I have a question regarding the proof for Theorem 1.2 in the following paper on page 8:
Preliminaries: Some Definitions and Results
Let $\mathbb{D}$ denote the open unit disk $\{z \in \mathbb{D} : |z| < 1\}$. Let $H^{\infty}_1(\mathbb{D})$ denote the set of all bounded, analytic functions defined on the unit disk whose first derivative vanishes at zero.
That is, if $\phi \in H^{\infty}_1(\mathbb{D})$, then $\phi$ is a bounded, analytic function on the unit disk such that $\phi^{\prime}(0) = 0$.

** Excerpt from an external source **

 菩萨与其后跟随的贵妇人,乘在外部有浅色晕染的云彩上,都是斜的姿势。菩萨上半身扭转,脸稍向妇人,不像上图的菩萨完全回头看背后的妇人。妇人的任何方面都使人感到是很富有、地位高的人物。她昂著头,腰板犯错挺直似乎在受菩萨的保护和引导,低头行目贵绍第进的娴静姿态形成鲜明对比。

Although not in the proof, it is shown in another paper that the elements of $H^{\infty}_1(\mathbb{D})$ are power series where the first power is missing in the expansion. Thus if $\phi \in H^{\infty}_1(\mathbb{D})$, we have
$$\phi(z) = c_0 + c_2 z^2 + c_3 z^3 + c_4 z^4 + \cdots.$$
Question About Proof
In the very first paragraph in Theorem 1.2, the author shows that the function $g:\mathbb{D}\rightarrow\mathbb{C}$ satisfies $||g||_{\infty}\leq 1$ and belongs to $ H^{\infty}_1(\mathbb{D})$. Further, he writes \begin{align} g(z) &= z^2 (c_2 + c_3z + c_4 z^2 + c_5 z^3 \cdots )\\ &= z^2 h(z), \end{align} and then claims that $||h||_{\infty} \leq 1$.
My question is how he deduced that $||h||_{\infty} \leq 1$. He just says so, and I have no idea why. Any help regarding this question would be most appreciated.
If I haven't provided enough information or something about what I have written is unclear, please let me know.
Aply MMP to $\{|z| \leq 1-\epsilon\}$. Since $|h(z)| \leq \frac 1 {(1-\epsilon)^{2}}$ when $|z|=1-\epsilon$ we get $|h(z)| \leq \frac 1 {(1-\epsilon)^{2}}$ when $|z|\leq 1-\epsilon$. For any fixed $z \in \mathbb D$ we get $|h(z)| \leq \frac 1 {(1-\epsilon)^{2}}$ for $0<\epsilon <1-|z|$. Since $\epsilon$ is arbitrary this gives $|h(z)| \leq 1$ for $|z| <1$.